This has passed all the tests because this does not contains julia 0.7.
But CorpusLoaders.jl
is working for Julia 1.0.3
I have made suggested changes. Please check them out. And sorry for silly mistakes.
I tried to set DATADEP_ALWAYS_ACCEPT
to true
in Changes made
commit, but the tests in travis
and appveyor
failed are showing that DATADEP_ALWAYS_ACCEPT
not set to true
.
And sorry for silly mistakes.
No need to be sorry. This is what code review is for. This is the system working as intended.
I am really busy this week and might not get back to reviewing this til next week.
Okay @oxinabox , till then I will be working on TextAnalysis
and If get any idea to solve for Julia 0.7.0 I will fix that as well.
For now I have only added sentiment part of the Stanford sentiment dataset.
some of the appveyor tests are failing because it is timeout due to downloading of wikicorpus
dataset otherwise all tests have passed
I still have not done a full review, and am still real busy but here is some to work on.
A general thing: I do not think strings are a suitable type for sentiment, ever. I think an Enum might be suitable. Esp if we map the labels to good numbers
For labels are you talking about neg
, pos
??
For using enum
here , can I map neg
to -1 pos
to 1 and neutral
to 0?
@ComputerMaestro that sounds good to me
@oxinabox , I have added enums
instead of strings for sentiment datasets. Please check whether it is right way or not
We should get rid of DelimitedFiles and just use CSV.jl It's better and should be able to do all the same things.
@oxinabox , I have structured Stanford sentiment dataset
in a different way. I have removed DelimitedFiles
@oxinabox , is this fine now or any changes are there??
I'm pretty busy and am hoping @aviks can take a look
I have three more datasets: WikiText-103 WikiText-2 Yelp dataset Should we add them as well??
In a seperate PR. Small PRs are much easier to review and can be merged faster
Is this fine?
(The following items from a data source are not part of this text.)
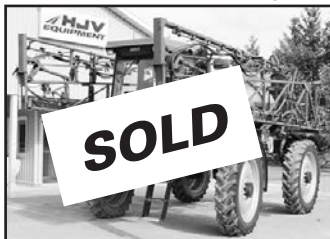
Case IH 3200 SPX , stk. #10019, 2825 hrs., 90' boom, 1000-gal. S.S. tank, Raven controller, Trimble 500 w/EZ-Steer & sect. control, 380/90R46 Continentals, 65% tread, 5-way nozzles, S.S. eductor. . . . . $65,000
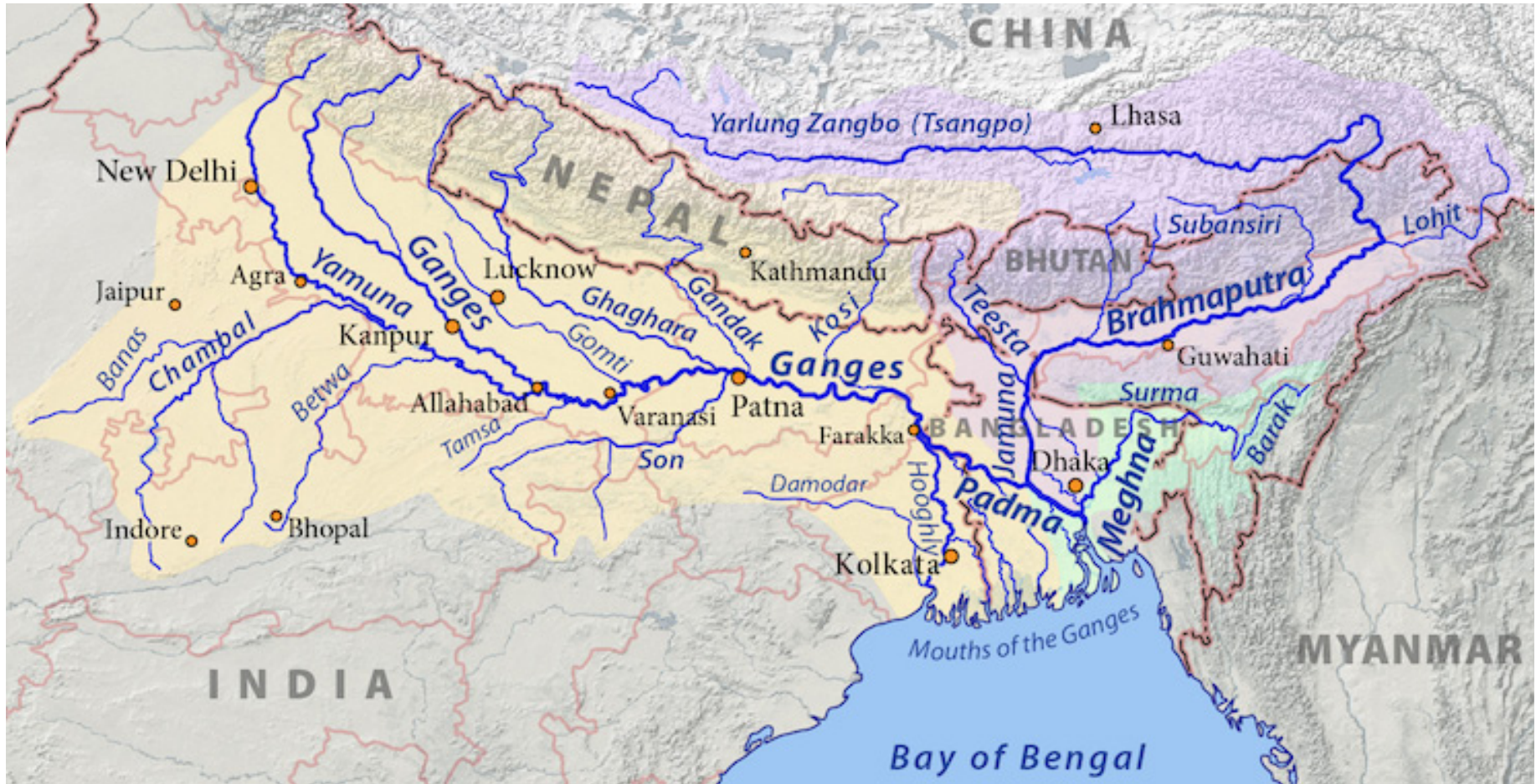
Image: Map of the Ganges (orange), Brahmaputra (violet), and Meghna (green) drainage basins.

BANGALORE (IDN) – As another scorching summer threatened to grip India and rivers began running dry, a hectic debate ensued about
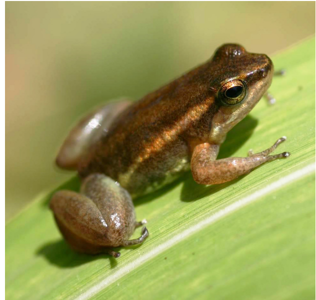
Figure 2. Hyloxalus elachyhistus in life (call voucher ZFMK 85034, SVL 19 mm).
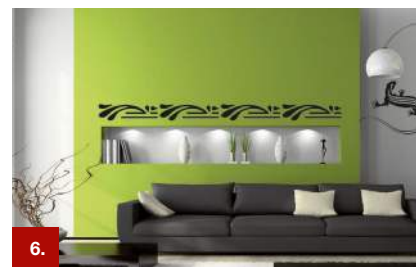
Example 6 ORACAL® 638
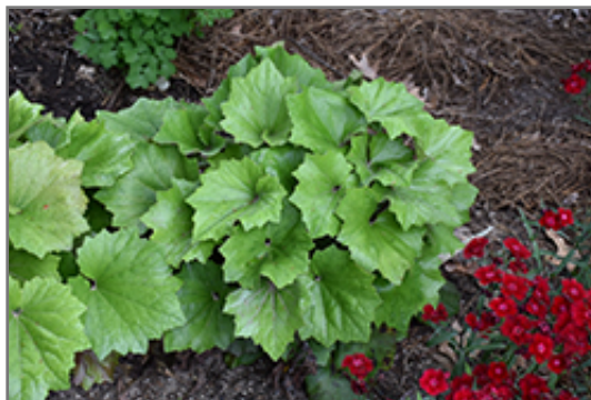
Last Dance Rayflower
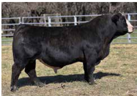
SS Watchout A296 ASA#32810493
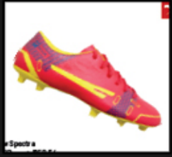
New Spectra Football Shoes
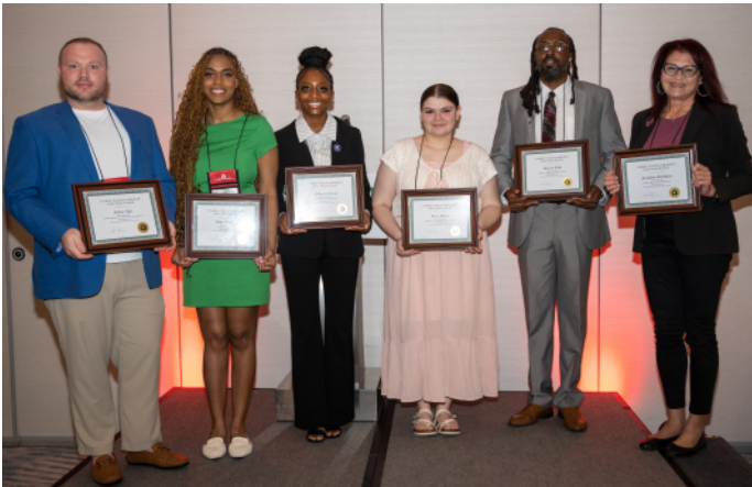
2025 CARH Scholarship Recipients

8:30 -10:00 a.m. CARH Scholarship Foundation Awards Breakfast The Board of Directors of the CARH Scholarship Foundation will present scholarships to eight exceptional students from CARH-member properties. Attendees will not want to miss this event and show the rural housing industry's support for these outstanding students.
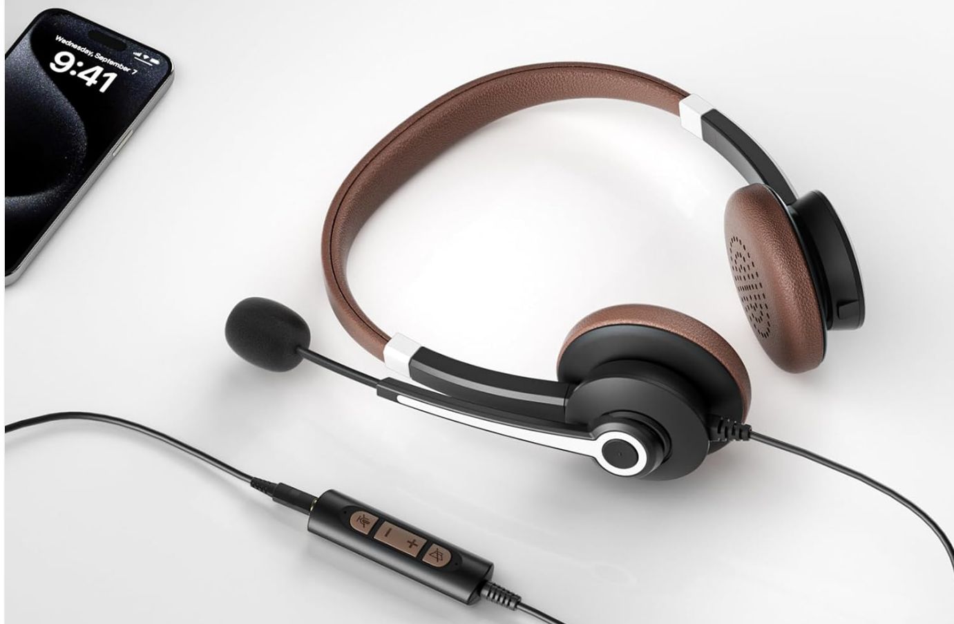
Figure 4: Dual connectivity options. This image shows the USB connector and the detachable 3.5mm jack, illustrating the versatility of the headset for different devices.

which gives you an additional connection option for phones and tablets.
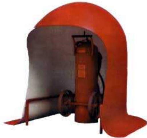
Abrigo para extintor de Carrinho
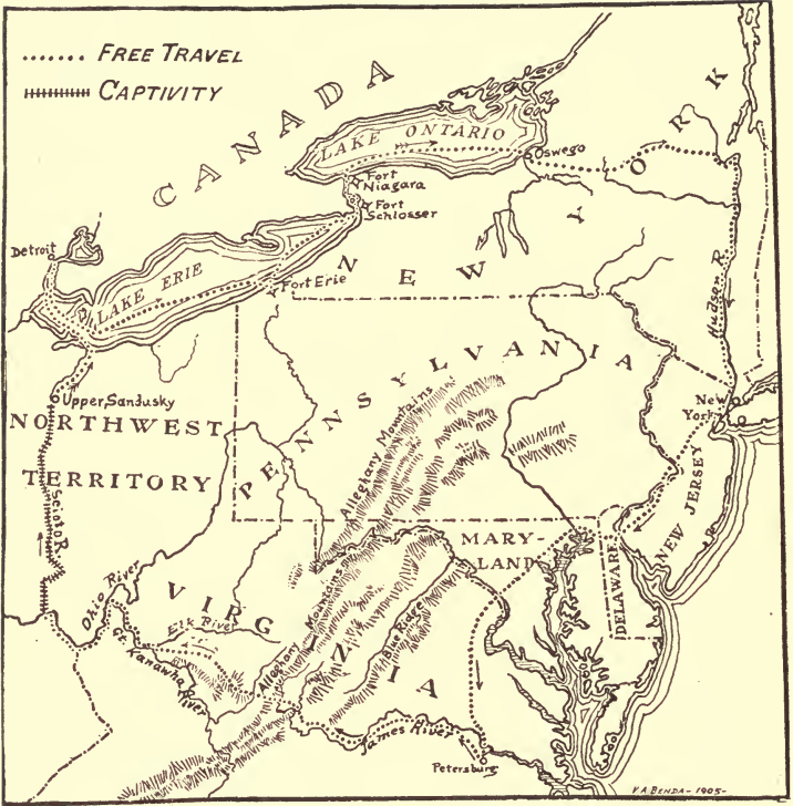
Map Showing Johnston's Route

Or any changes are left?
Is this fine? Or any changes are left?
Sorry this is taking so long. The overall quality of the code, in terms of cleanlyness and idiomatic programming is still not great.
I think after the comments i made are addressed it will be acceptable.
I checked that all the above test are failing due to some problem in toktok tokenizer
in WordTokenizers
v0.5.2 and they pass when used with WordTokenizers
v0.4.0. I will ask Ayush
For record keeping purposes - this also addresses #13 in a way.
Thanks! Lets get this in
I have add just the datadeps. I will be adding the files and once it is done I will let you know @oxinabox .